Tuesday, 19 August 2003
This presentation is part of : New Findings in the Pharmacology of Dementia

S030-007 Donepezil Shows Significant Benefits in Global Function, Cognition, ADL and Behavior in Patients with Severe Alzheimer’s Disease

S Gauthier1, H Feldman2, J Hecker3, B Vellas4, Y Xu5, J Ieni6, and E Schwam5. (1) McGill Centre for Studies in Aging, Verdun, QC, Canada, (2) UBC Hospital, Vancouver, BC, Canada, (3) Repatriation General Hospital, Daw Park, Australia, (4) Toulouse University Alzheimer's Center, Toulouse, France, (5) Pfizer Pharmaceuticals Group, Pfizer Inc., (6) Eisai Inc., Teaneck, NJ, USA

Objective: A double-blind trial has demonstrated donepezil’s benefits in moderate to severe Alzheimer’s disease (AD) patients (sMMSE scores 5-17; Feldman et al. Neurology 2001). The current analysis focuses on the subgroup of patients with severe AD.
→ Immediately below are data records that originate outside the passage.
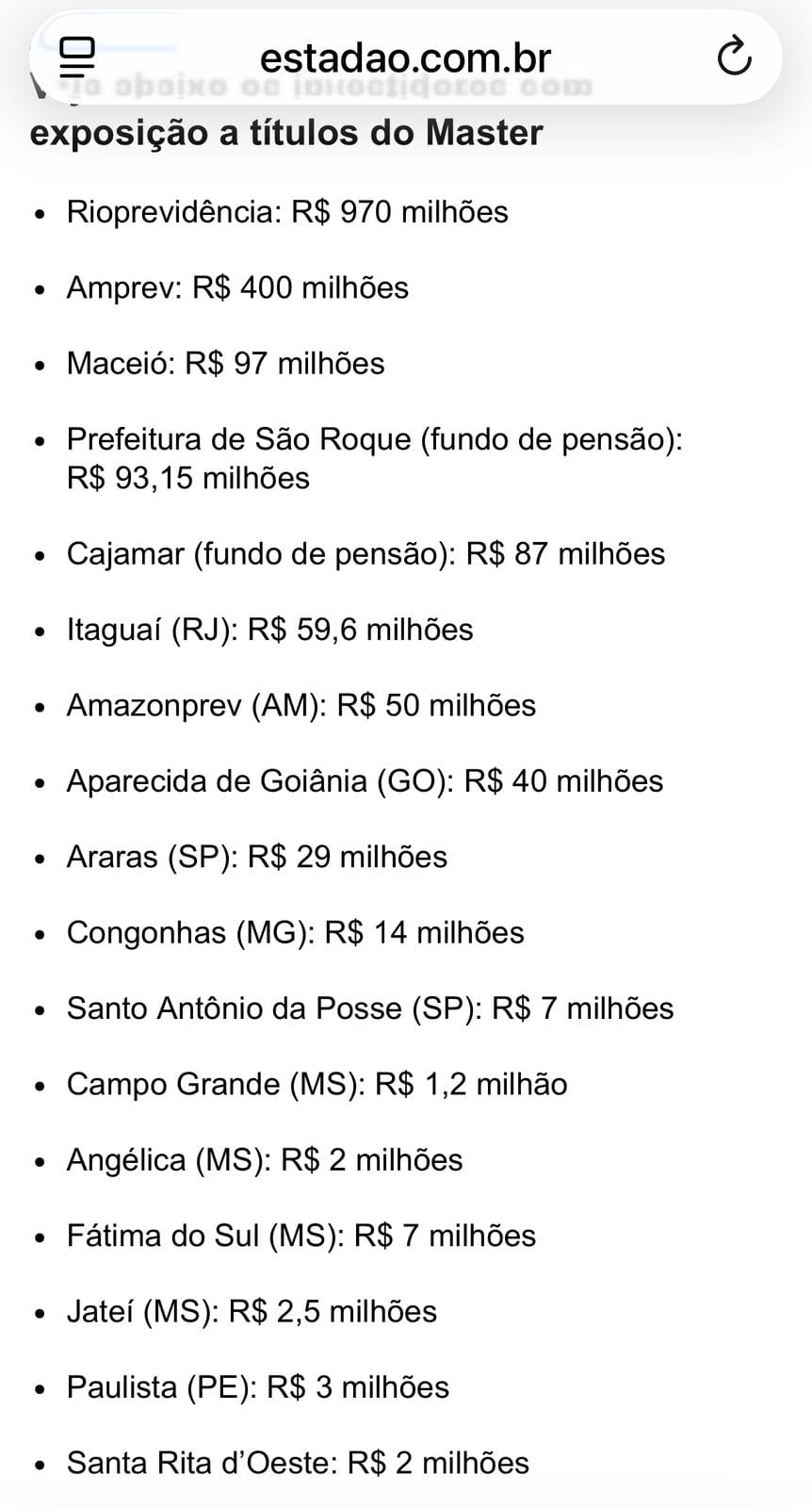 Na prática, se as gestões municipais e estaduais que fizeram aplicações milionárias nos fundos do banco que foi liquidado, os servidores podem não receber seus direitos de pensão e aposentadoria.
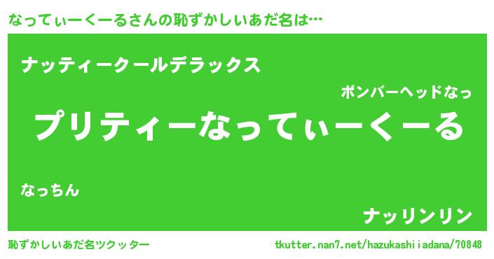| 男性向けラノベタイトル風あだ名 | 『なってぃーくーるの憂鬱』 |
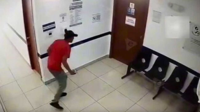 De acuerdo con imágenes captadas por las cámaras de seguridad del establecimiento, el agresor vestía pantalón de mezclilla, playera roja y gorra. Al ingresar al sitio, entabló una breve conversación con una mujer que se encontraba sentada fuera del consultorio.
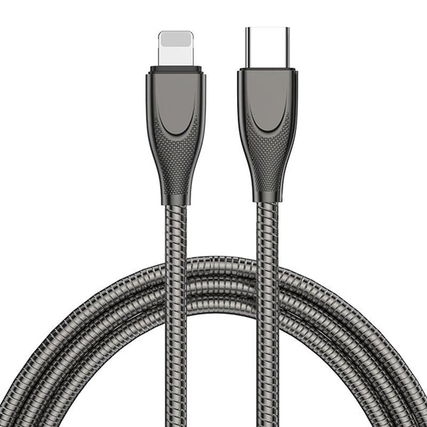 ENKAY ENK-CB128 PD 27W Type-C to 8 Pin Carbon Steel Hose Spring Fast Charging Data Cable, Length:2m(Black)
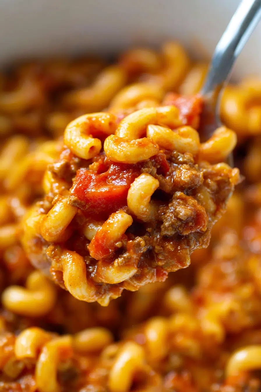 I love using the slow cooker for this dish— it even handles the pasta, eliminating the need to boil water and deal with extra cleanup. Check out my tips below to ensure your pasta comes out perfectly. This Crockpot Goulash is the epitome of comfort food! It features ground beef, vegetables, tomatoes, and savory seasonings, all slow-cooked to perfection. Even the elbow macaroni cooks right in the crockpot, making this one of the simplest slow cooker recipes you can find! On a chilly winter day, there’s nothing more satisfying than a bowl of this crockpot goulash. It’s the ideal mix of stew and pasta dish, with a rich tomato base and perfectly tender pasta—it’s truly the best of both worlds!
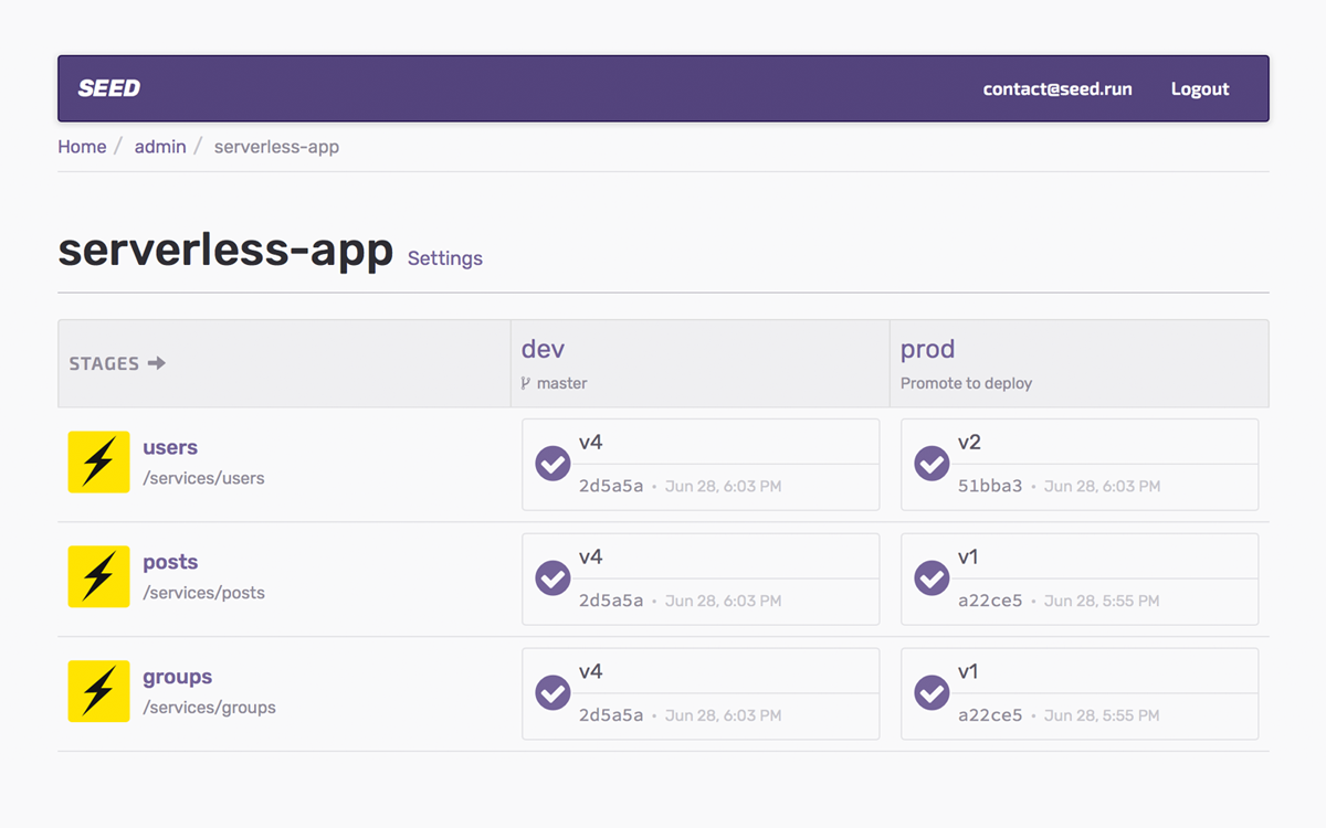 Seed manages pipelines, configures environments, and monitors deployments for Serverless Framework projects.
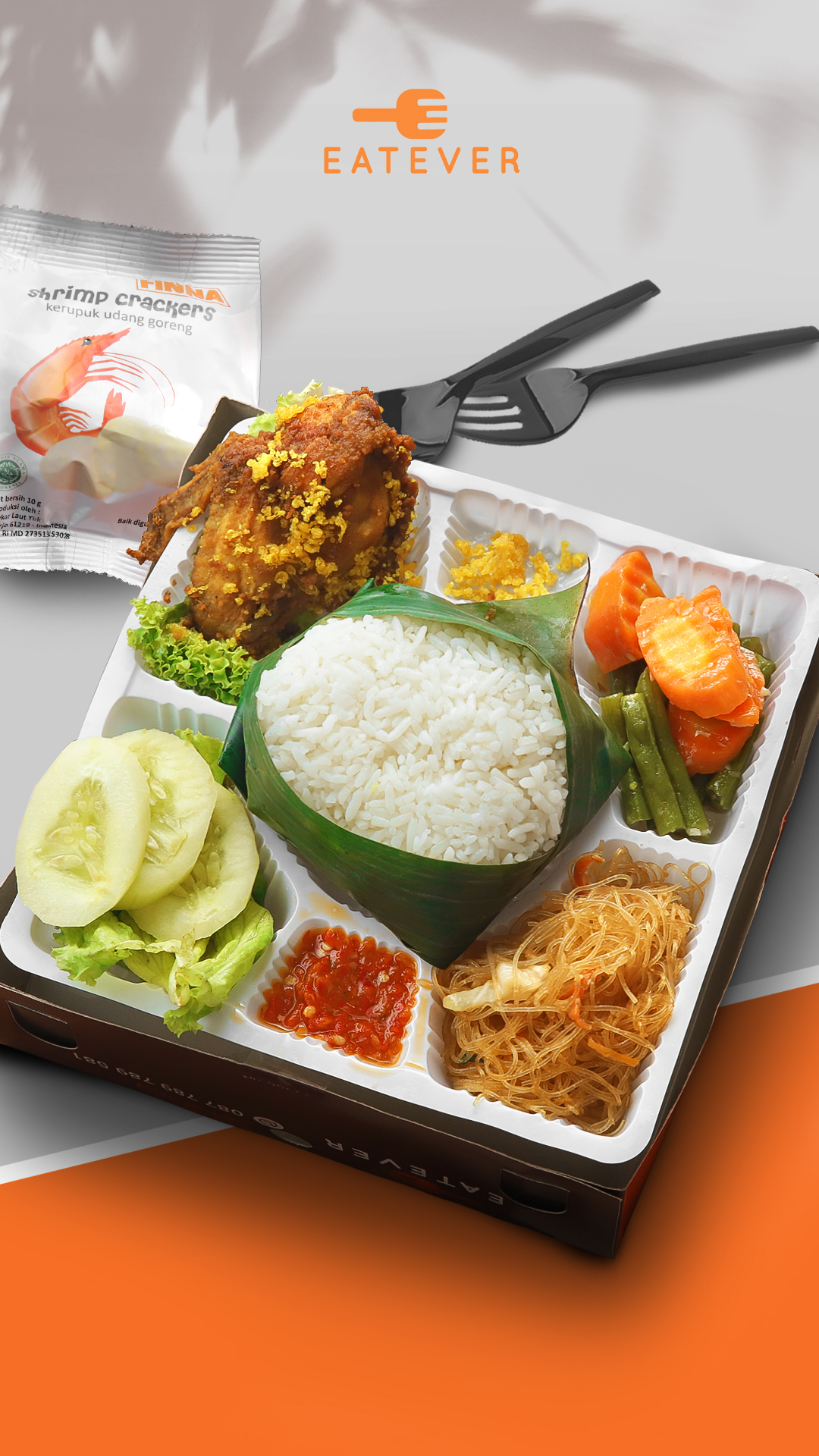 Nasi putih, ayam goreng kremes, timun, tumis buncis wortel, bihun goreng sambal terasi, kerupuk
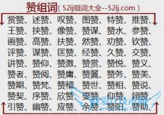 组词大全详解[赞组词]如:赏赞、述赞、叹赞、图赞、特赞、推赞、王赞、挟赞、像赞、赞谋、赞水、参赞、画赞、高赞、扶赞、然赞、劝赞、钦赞、评赞、谋赞、匡赞、经赞...
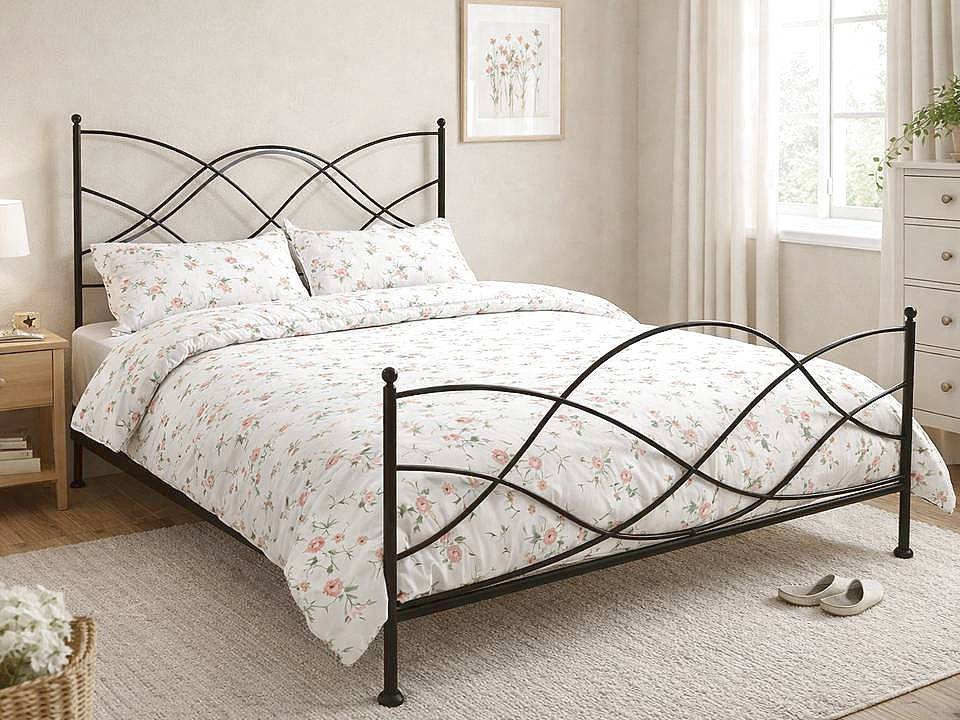 Kovová postel Elisa ve stříbrné patině e vyrobená z kvalitní oceli o průměru 25 mm a ozdobné tyče s průměrem fi 12 mm. Výška postele od země k roštu je 25 cm. Výška čela u hlavy je 106 cm, výška čela u nohou je 81 cm.    Postel má stabilní konstrukci, která nevrže. Na ocelové konstrukci je položený dřevěný rošt. Matraci o rozměru 140x200 cm je nutno dokoupit. Kovová postel je ve finální fázi natřená základní černou strukturální barvou a ručně přidávána stříbrná patina.   Montáž kovové postele je velice jednoduchá bez jakéhokoliv nářadí díky osvědčenému klínovému spojení.   Foto je ilustrační. Postel je dodávána bez dekorací.
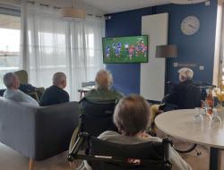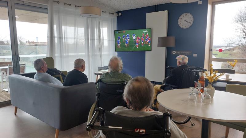 Un groupe de résidents s'est réunis dans un petit salon de la résidence pour partager le match FRANCE - ITALIE du tournoi des 6 Nations.
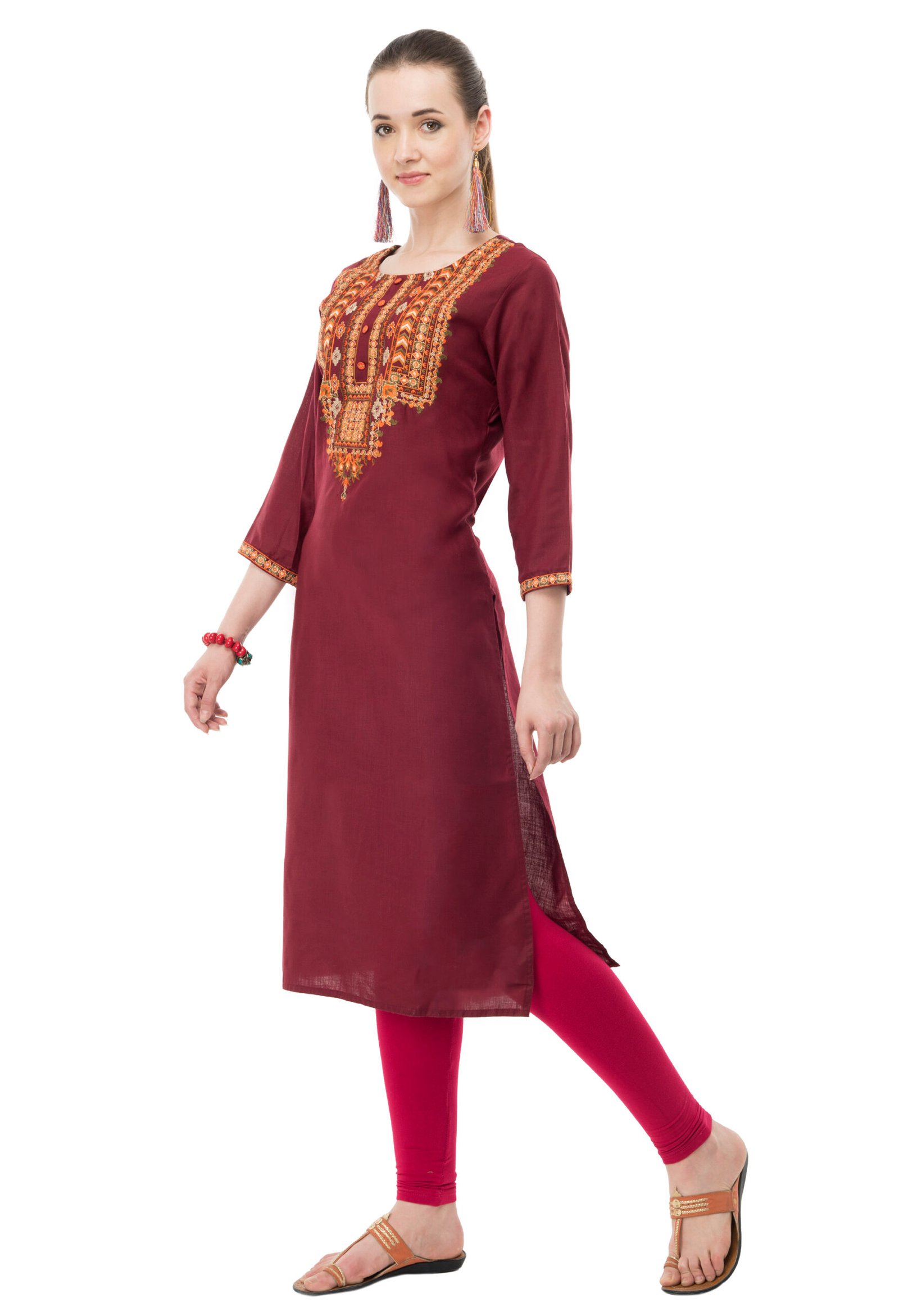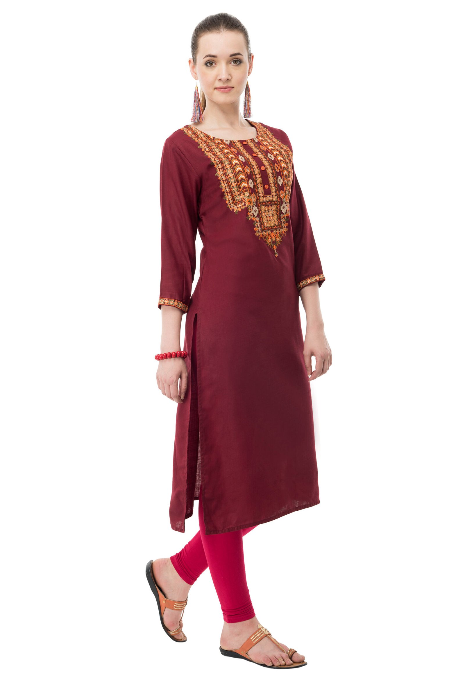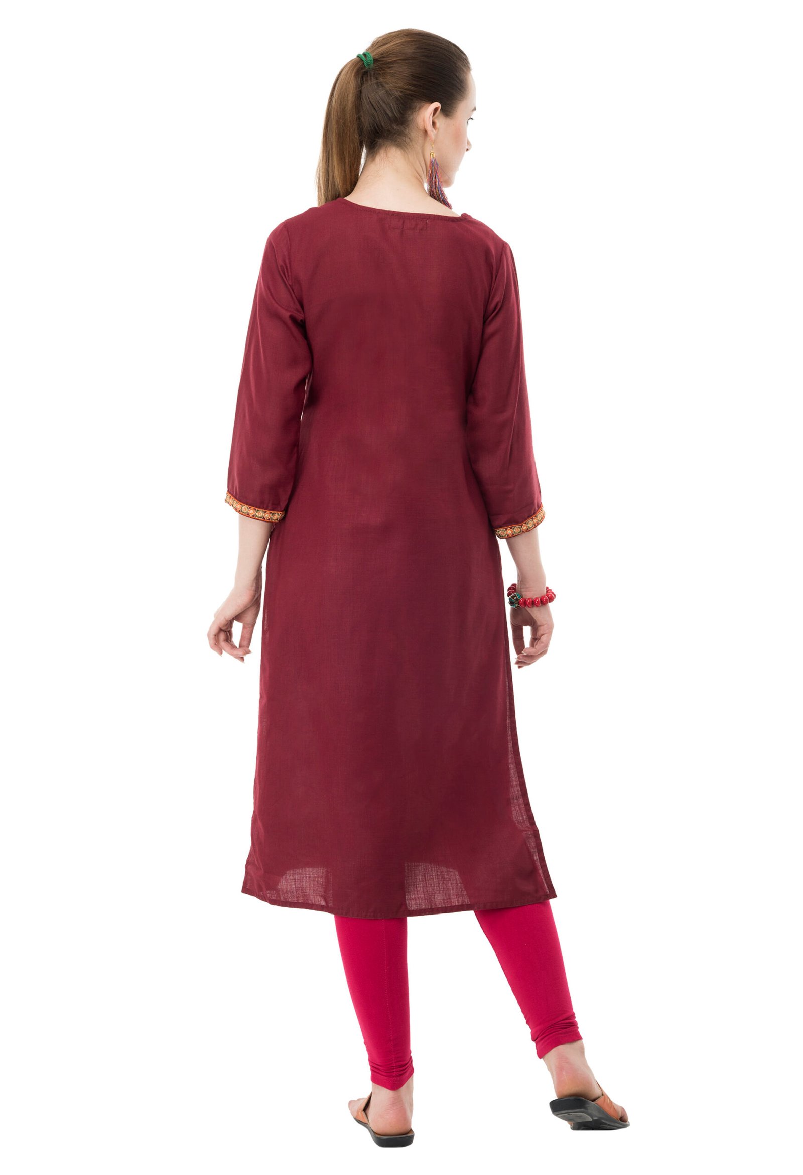 Maroon Poly Viscose Embroidred Stylish Straight Kurta, Kurti for Women

Design: 290 patients (sMMSE score 5-17) were divided at the median baseline sMMSE score (12); 145 patients were classified as having severe AD (sMMSE score 5-12).

Methods: Patients received donepezil (5 mg/day for 28 days,10 mg/day thereafter per clinician’s judgment, n=72), or placebo for 24 weeks (n=73). Patients were assessed at Weeks 4, 8, 12, 18 and 24. The primary outcome measure was the Clinician’s Interview-Based Impression of Change with caregiver input (CIBIC-plus) at Week 24, using a LOCF analysis.

Results: Baseline patient demographics were similar between treatment groups. Mean baseline sMMSE scores (± SD) were 9.0 ± 2.19 for the donepezil group and 8.9 ± 2.19 for the placebo group. Mean CIBIC-plus scores for donepezil-treated patients showed improvement or minimal change from baseline throughout the study; mean scores for the placebo group showed a steady decline. Treatment differences were significant in favor of donepezil at each assessment and Week 24 LOCF (mean difference = 0.7; P=0.0002). Mean change from baseline scores on the sMMSE and Severe Impairment Battery (SIB) for the donepezil group were improved from baseline throughout the study, and were significantly different from placebo at each assessment and Week 24 LOCF (mean difference = 2.0 for sMMSE; P=0.0022, and 7.4 for SIB; P=0.0017). Donepezi patients showed significantly less decline than placebo-treated patients on the Disability Assessment for Dementia at each assessment and at Week 24 LOCF (mean difference = 7.2; P=0.0082). Mean change from baseline scores on the Neuropsychiatric Inventory (NPI) 12-item total improved throughout the study for donepezil patients and were significantly different from placebo at Weeks 4, 18, 24 and Week 24 LOCF (mean difference = 6.9; P=0.0062). Benefits in 11/12 NPI items were observed with donepezil, compared with placebo at Week 24 LOCF, with significant differences for depression, anxiety and apathy (P<0.05). For 8 NPI items more donepezil patients showed a reduction in baseline symptoms (depression and anxiety, P<0.05). 90% of donepezil- and 86% of placebo-treated patients completed the trial, with 7% and 5%, respectively, discontinuing due to adverse events. 82% of donepezil- and 78% of placebo-treated patients experienced adverse events, the majority of which were rated as mild or moderately severe.